What the exercise asks: Everything from the line holding "PC透明十字圆头螺钉塑料绝缘亚克力十字盘头螺钉和螺母组M3 M4" through the last line of the records should be repeated word for word, and pictures should be omitted.

Material provided:
******
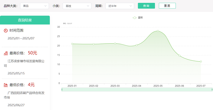今年荔枝迎來“大年”,廣東、廣西等主產(chǎn)地果園掛果量較往年增長超30%,全國產(chǎn)區(qū)普遍一片豐產(chǎn)景象。然而,隨著全國荔枝大量上市,荔枝平均價格出現(xiàn)逐步走低的跡象。據(jù)“中國農(nóng)業(yè)農(nóng)村信息網(wǎng)”公布的“全國農(nóng)產(chǎn)品批發(fā)市場價格行情”數(shù)據(jù)顯示,5月15日江蘇凌家塘市場最高價達(dá)50元/公斤,而6月27日廣西田陽市場最低價僅4元/公斤,荔枝全國價格波動明顯。
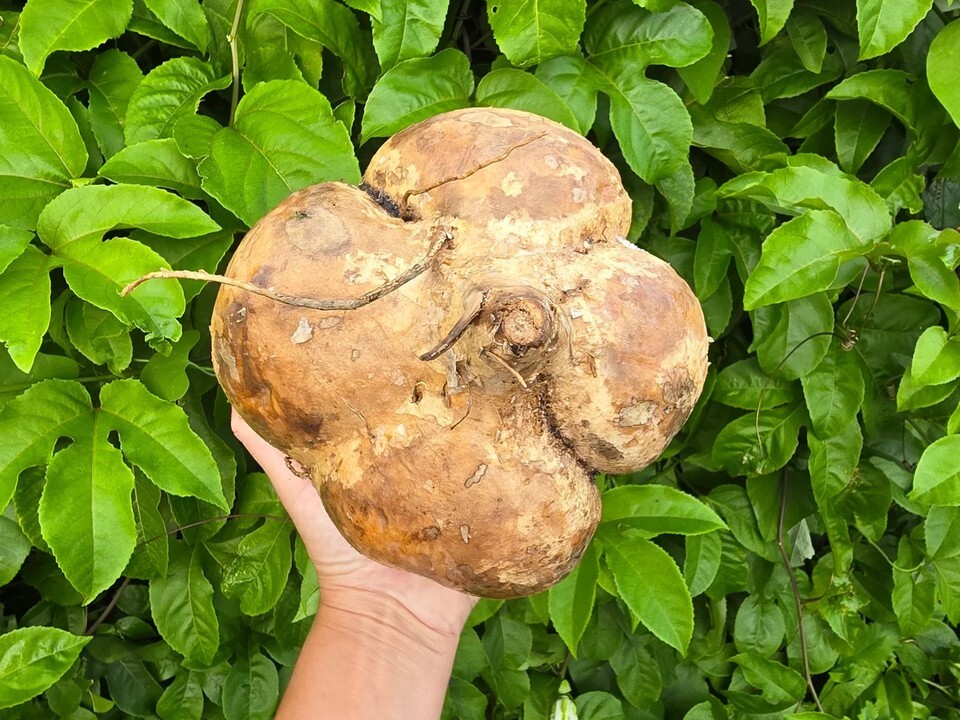 Thai Jicama (Pachyrhizus erosus), also known as Yam Bean, Chinese Potato, Bang Kuang, or Singu Bean, is closely related to True Jicama but distinguished by its adaptation to the hot, humid climates of Southeast Asia. Like its Mexican cousin, it produces edible, crisp white-fleshed tubers with a mild, refreshing sweetness, though roots are often smaller and sometimes starchier than those of True Jicama. Most notable for its versatility in both raw and cooked dishes, Thai Jicama shares the same biennial vining growth habit and toxic seeds and pods, but remains valued across Asian cuisines for its adaptability and refreshing flavor
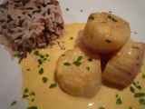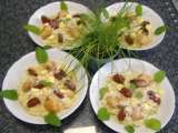 Ingrédients: 500 g de noix de St-jacques Un peu de fumé de poisson 100 g de julienne Persil 20 cl de crème fraîche Sel poivre Un peu de beurre Une échalote de...
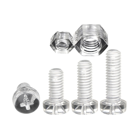 PC透明十字圆头螺钉塑料绝缘亚克力十字盘头螺钉和螺母组M3 M4
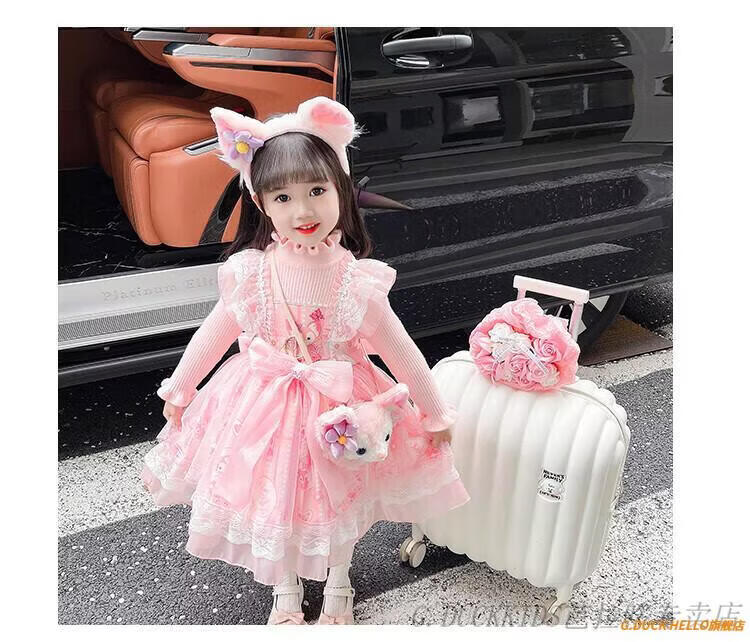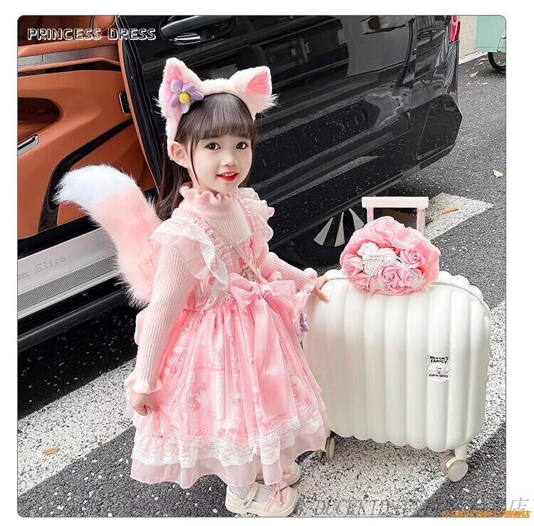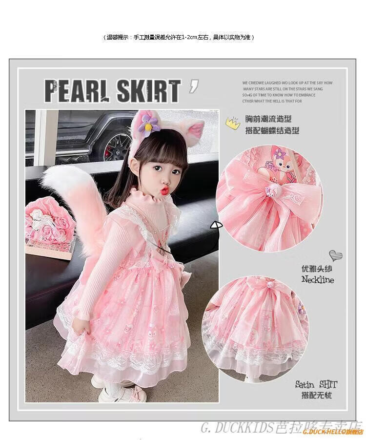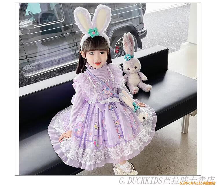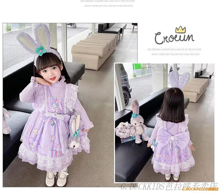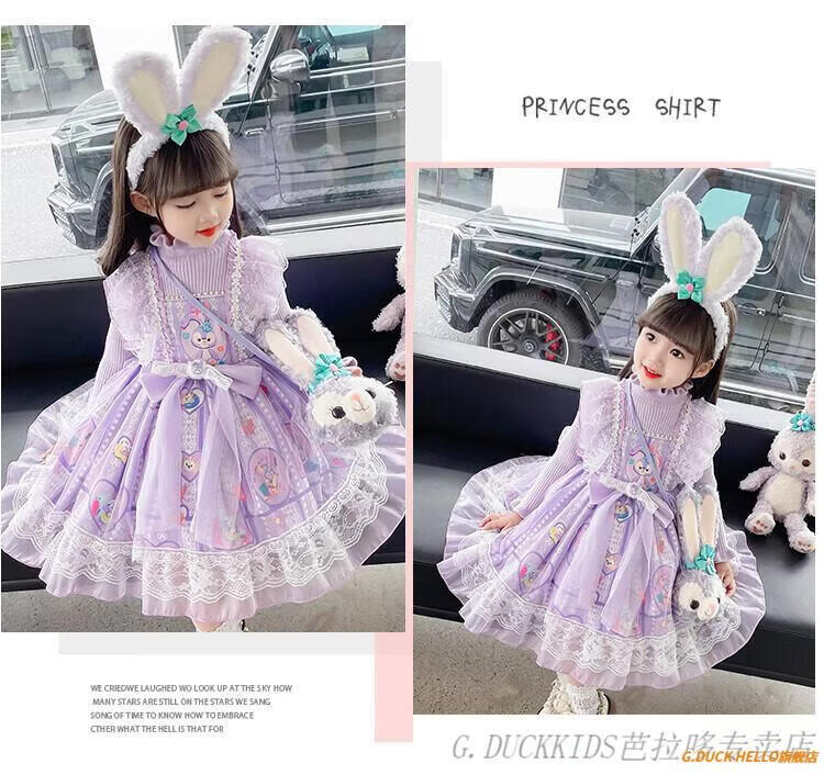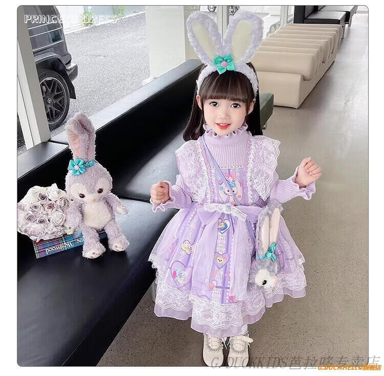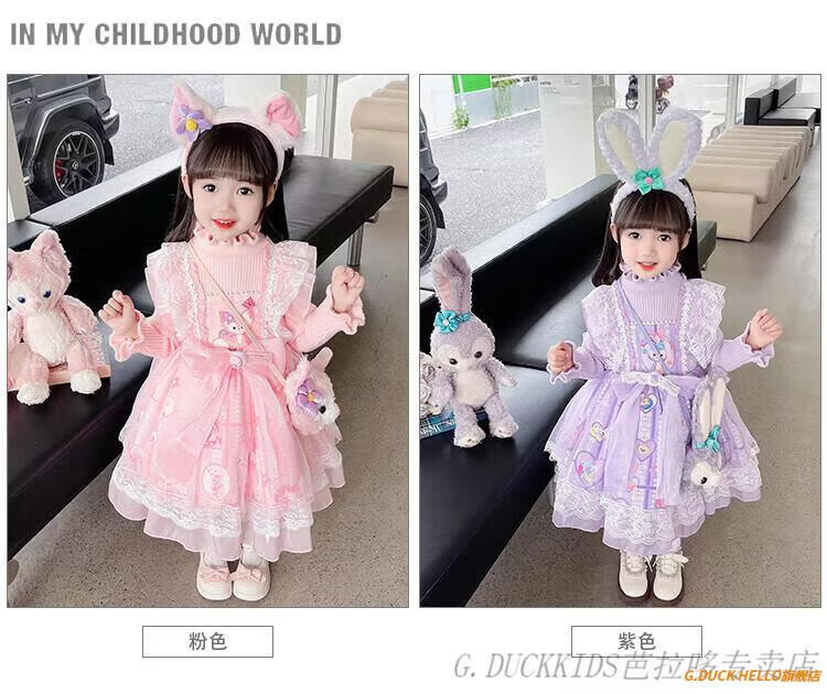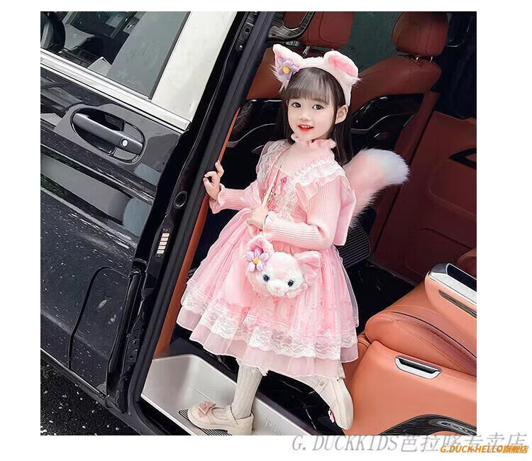 G.duck Little Yellow Duck Lolita Princess Dress Girls Dress Autumn Children's Skirt Girls Sweater Puff Skirt Autumn and Winter Belle Pink Sweater Dress Comes with Bustle 130 Recommended 120-130cm7-8 years old
******
Output for this exercise:
 PC透明十字圆头螺钉塑料绝缘亚克力十字盘头螺钉和螺母组M3 M4
 G.duck Little Yellow Duck Lolita Princess Dress Girls Dress Autumn Children's Skirt Girls Sweater Puff Skirt Autumn and Winter Belle Pink Sweater Dress Comes with Bustle 130 Recommended 120-130cm7-8 years old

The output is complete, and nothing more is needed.